Tongxinluo improves cognition by decreasing β-amyloid in spontaneous hypertensive rats.

作者信息

Fei Yu-Lang, Lv Hong-Jun, Li Yan-Bo, Liu Jie, Qian Yi-Hua, Yang Wei-Na, Ma Kai-Ge, Li Hong-Bao, Qu Qiu-Min

机构信息

Department of Neurology, First Affiliated Hospital of Xi'an Jiaotong University, Xi'an, Shaanxi 710061, China.

Department of Endocrinology, First Affiliated Hospital of Xi'an Jiaotong University, Xi'an, Shaanxi 710061, China.

出版信息

Brain Res. 2017 May 15;1663:151-160. doi: 10.1016/j.brainres.2017.03.005. Epub 2017 Mar 6.
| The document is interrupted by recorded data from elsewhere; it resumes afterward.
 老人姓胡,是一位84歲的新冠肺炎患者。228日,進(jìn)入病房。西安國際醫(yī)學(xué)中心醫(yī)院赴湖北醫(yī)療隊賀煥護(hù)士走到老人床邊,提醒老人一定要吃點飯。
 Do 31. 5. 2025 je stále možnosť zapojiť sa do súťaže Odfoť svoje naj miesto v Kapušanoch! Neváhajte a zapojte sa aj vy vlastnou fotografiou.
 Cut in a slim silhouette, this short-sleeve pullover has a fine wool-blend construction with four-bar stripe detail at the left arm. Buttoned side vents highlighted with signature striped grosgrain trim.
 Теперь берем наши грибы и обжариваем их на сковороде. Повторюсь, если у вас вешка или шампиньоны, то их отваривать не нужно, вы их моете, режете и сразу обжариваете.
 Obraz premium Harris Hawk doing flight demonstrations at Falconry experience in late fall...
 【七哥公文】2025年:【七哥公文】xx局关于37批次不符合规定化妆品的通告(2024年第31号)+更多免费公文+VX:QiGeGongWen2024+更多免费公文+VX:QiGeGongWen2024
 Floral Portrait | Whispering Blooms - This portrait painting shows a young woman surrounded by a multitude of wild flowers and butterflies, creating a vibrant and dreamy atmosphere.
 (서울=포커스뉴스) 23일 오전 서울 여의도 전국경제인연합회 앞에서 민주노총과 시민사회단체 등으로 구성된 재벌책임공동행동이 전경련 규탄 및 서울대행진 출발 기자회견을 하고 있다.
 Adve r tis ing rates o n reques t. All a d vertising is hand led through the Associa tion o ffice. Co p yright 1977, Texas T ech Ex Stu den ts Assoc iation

DOI:10.1016/j.brainres.2017.03.005
PMID:28274609
Abstract

β-Amyloid (Aβ) accumulation in the brain is the major pathophysiology of Alzheimer disease (AD). Hypertension is a risk factor for AD by promoting Aβ deposition. Traditional Chinese medicinal compound tongxinluo (TXL) can improve blood circulation and endothelium-dependent vasodilation. This study investigates the effects of TXL on cognition and Aβ using spontaneously hypertensive rats (SHRs). TXL was intragastrically administered to SHRs at low-dose, mid-dose and high-dose for 15, 30 or 60days. Cognition was evaluated with a Morris Water Maze (MWM). Aβ in the brain was detected by western blot, ELISA and Thioflavin-S staining. Western blot and RT-PCR were employed to exam the expression of receptor for advanced glycation end products (RAGE), low-density lipoprotein receptor-related protein-1 (LRP-1) and amyloid precursor protein (APP). After TXL treatment for 60days, compared with the vehicle, the number of crossed platform and the time spent in the target quadrant increased in parallel with the increasing length of treatment in MWM. Moreover, the Aβ in the hippocampus significantly decreased compared to the vehicle group, both in western blot and ELISA. Additionally, TXL reduced RAGE expression in a dose- and time-depended manner, but LRP-1 expression had no difference between TXL groups and vehicle groups. Furthermore, the β-secretase expression was significantly decreased compared to the vehicle group, but APP expression had no difference. In conclusion, TXL improved cognition and decreased Aβ in SHRs in a dose- and time-dependent manner, the underlying mechanism may involved in inhibiting RAGE and β-secretase expression.

摘要

β-淀粉样蛋白(Aβ)在大脑中的积累是阿尔茨海默病(AD)的主要病理生理学特征。高血压通过促进Aβ沉积成为AD的一个风险因素。中药复方通心络(TXL)可以改善血液循环和内皮依赖性血管舒张。本研究使用自发性高血压大鼠(SHR)探究TXL对认知和Aβ的影响。将低剂量、中剂量和高剂量的TXL灌胃给予SHR,持续15、30或60天。用莫里斯水迷宫(MWM)评估认知。通过蛋白质印迹法、酶联免疫吸附测定(ELISA)和硫黄素-S染色检测大脑中的Aβ。采用蛋白质印迹法和逆转录-聚合酶链反应(RT-PCR)检测晚期糖基化终末产物受体(RAGE)、低密度脂蛋白受体相关蛋白1(LRP-1)和淀粉样前体蛋白(APP)的表达。TXL治疗60天后,与赋形剂组相比,在MWM中穿越平台的次数和在目标象限花费的时间随着治疗时间的延长而增加。此外,蛋白质印迹法和ELISA检测均显示,与赋形剂组相比,海马体中的Aβ显著减少。此外,TXL以剂量和时间依赖性方式降低RAGE表达,但TXL组和赋形剂组之间LRP-1表达无差异。此外,与赋形剂组相比,β-分泌酶表达显著降低,但APP表达无差异。总之,TXL以剂量和时间依赖性方式改善SHR的认知并降低Aβ,其潜在机制可能与抑制RAGE和β-分泌酶表达有关。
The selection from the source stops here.